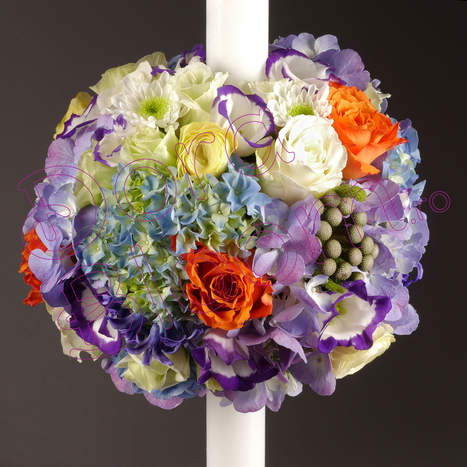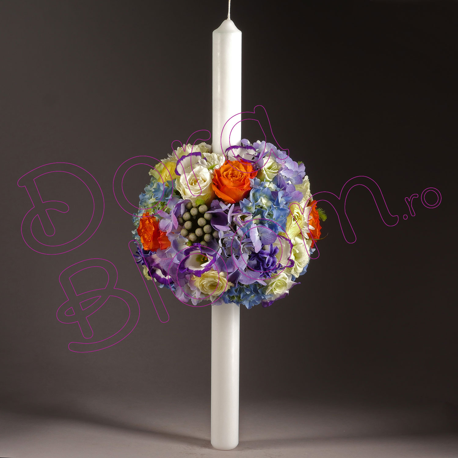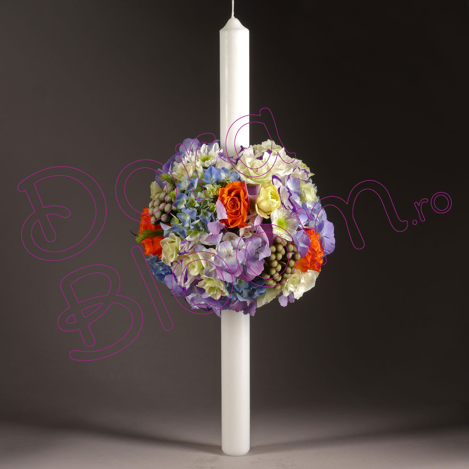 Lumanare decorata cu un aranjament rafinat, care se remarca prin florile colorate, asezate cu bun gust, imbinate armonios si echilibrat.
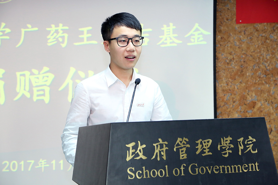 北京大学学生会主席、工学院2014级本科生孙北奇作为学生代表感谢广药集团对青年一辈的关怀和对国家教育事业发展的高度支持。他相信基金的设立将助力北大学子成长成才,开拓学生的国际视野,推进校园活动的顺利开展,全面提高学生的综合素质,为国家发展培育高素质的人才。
══════
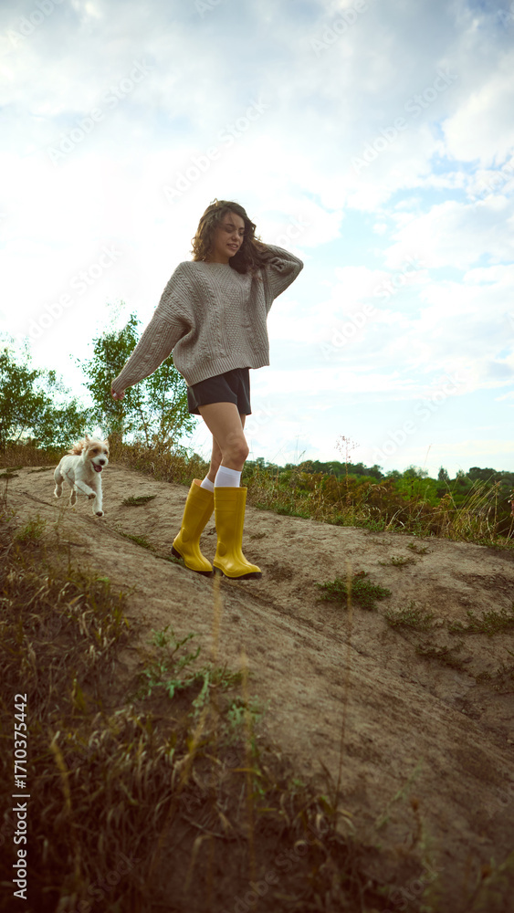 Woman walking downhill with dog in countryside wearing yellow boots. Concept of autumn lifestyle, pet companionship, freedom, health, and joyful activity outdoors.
══════
**Exercise details**
Exercise for the records above: copy only the lines from the one with "Lumanare decorata cu" to the one with "北京大学学生会主席、工学院2", both ends kept, and drop the pictures.

**Your solution**
 Lumanare decorata cu un aranjament rafinat, care se remarca prin florile colorate, asezate cu bun gust, imbinate armonios si echilibrat.
 北京大学学生会主席、工学院2014级本科生孙北奇作为学生代表感谢广药集团对青年一辈的关怀和对国家教育事业发展的高度支持。他相信基金的设立将助力北大学子成长成才,开拓学生的国际视野,推进校园活动的顺利开展,全面提高学生的综合素质,为国家发展培育高素质的人才。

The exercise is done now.